Teologi come John Cobb Jr. hanno esplorato come il processo filosofico possa mediare tra buddhismo e cristianesimo. Altri, come Masao Abe e la Scuola di Kyoto, hanno cercato di pensare insieme śūnyatā e kenōsis (svuotamento) cristologica, vedendo in entrambi un movimento di auto-svuotamento che apre alla trasformazione.

Tuttavia, è importante mantenere l'onestà intellettuale: le convergenze, per quanto profonde, non devono oscurare le differenze reali. Il rischio del dialogo interreligioso è talvolta quello di creare un "minimo comune denominatore" che impoverisce entrambe le tradizioni. Una vera convergenza rispetta le particolarità: il Dio personale e trascendente del cristianesimo non è riducibile alla śūnyatā buddhista, e viceversa.

Due vie, una saggezza?

La teologia apofatica di Dionigi Pseudo-Areopagita e il concetto di vuoto nel Buddhismo Zen rappresentano due delle più raffinate articolazioni dell'esperienza mistica dell'umanità. Nonostante le profonde differenze teologiche, ontologiche ed epistemologiche, entrambe condividono un'intuizione fondamentale: l'ultima realtà trascende le categorie del pensiero concettuale e può essere realizzata solo attraverso una trasformazione radicale della coscienza.

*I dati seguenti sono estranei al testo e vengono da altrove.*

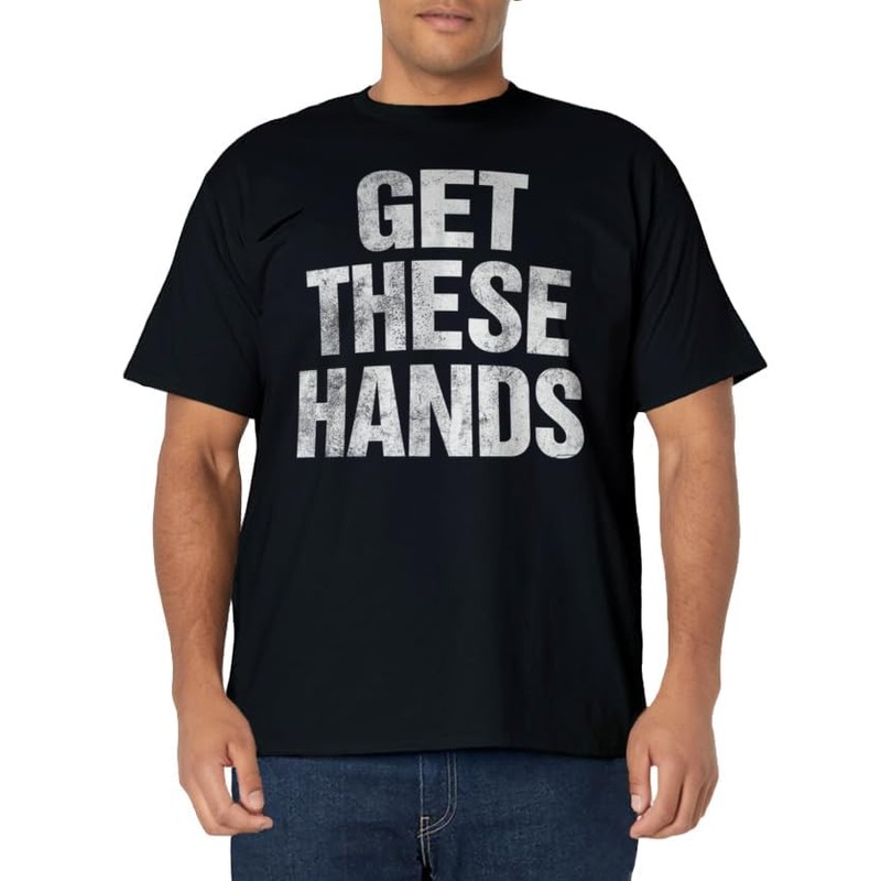 - Get These Hands TShirt. Funny gag humor joke fitness gym workout shirt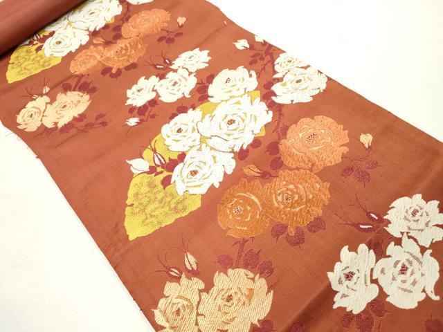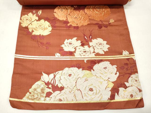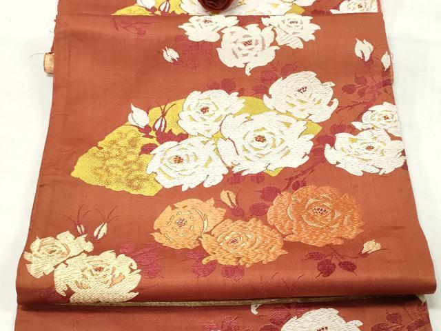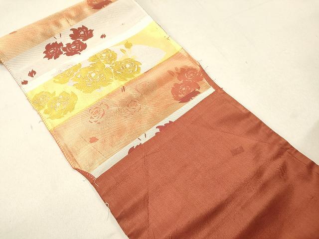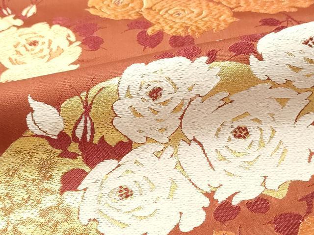 平和屋着物▼名古屋帯 帯反物 唐織 地紙花文 薔薇 バラ 金糸 逸品 DAAY0971we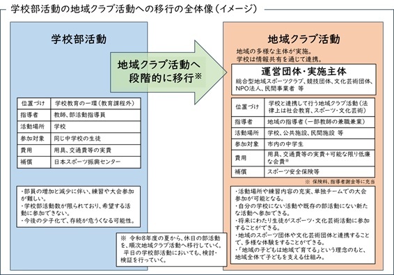 まずは、令和8年度夏以降に、休日の学校部活動を地域クラブ活動へと順次移行することを目指しています。また、平日の学校部活動においても、休日の活動と同様に、検討・検証を行っていきながら、活動体制を整え、地域クラブ活動へと順次移行していくこととします。

Dionigi ci invita a salire nella tenebra luminosa dove Dio dimora oltre ogni nome e concetto. Lo Zen ci chiama a realizzare il vuoto in ogni forma, a vedere attraverso l'illusione del sé separato e riconoscere la nostra natura originale. Entrambi i percorsi richiedono coraggio: il coraggio di abbandonare le certezze concettuali, di morire alle nostre costruzioni mentali, di aprirci a una realtà che eccede infinitamente la nostra comprensione.

In un'epoca caratterizzata dal nichilismo da un lato e dal fondamentalismo dall'altro, queste tradizioni apofatiche offrono una terza via: né il rifiuto cinico di ogni verità ultima, né l'attaccamento dogmatico a formulazioni concettuali, ma un'umile apertura al mistero che ci trascende. Sia la tenebra luminosa di Dionigi che il vuoto luminoso dello Zen ci insegnano che l'apofasi - il silenzio davanti all'ineffabile - non è resa o agnosticismo, ma la forma più alta di saggezza.

Il filosofo austriaco Ludwig Wittgenstein concludeva il suo "Tractatus" con le parole: "Su ciò di cui non si può parlare, si deve tacere". Ma questo silenzio non è vuoto di significato; è gravido di presenza. Forse è in questo silenzio eloquente, in questa negazione affermativa, che Oriente e Occidente, Dionigi e lo Zen, si incontrano veramente - non nelle parole che pronunciamo, ma nella profondità indicibile verso cui entrambi ci conducono.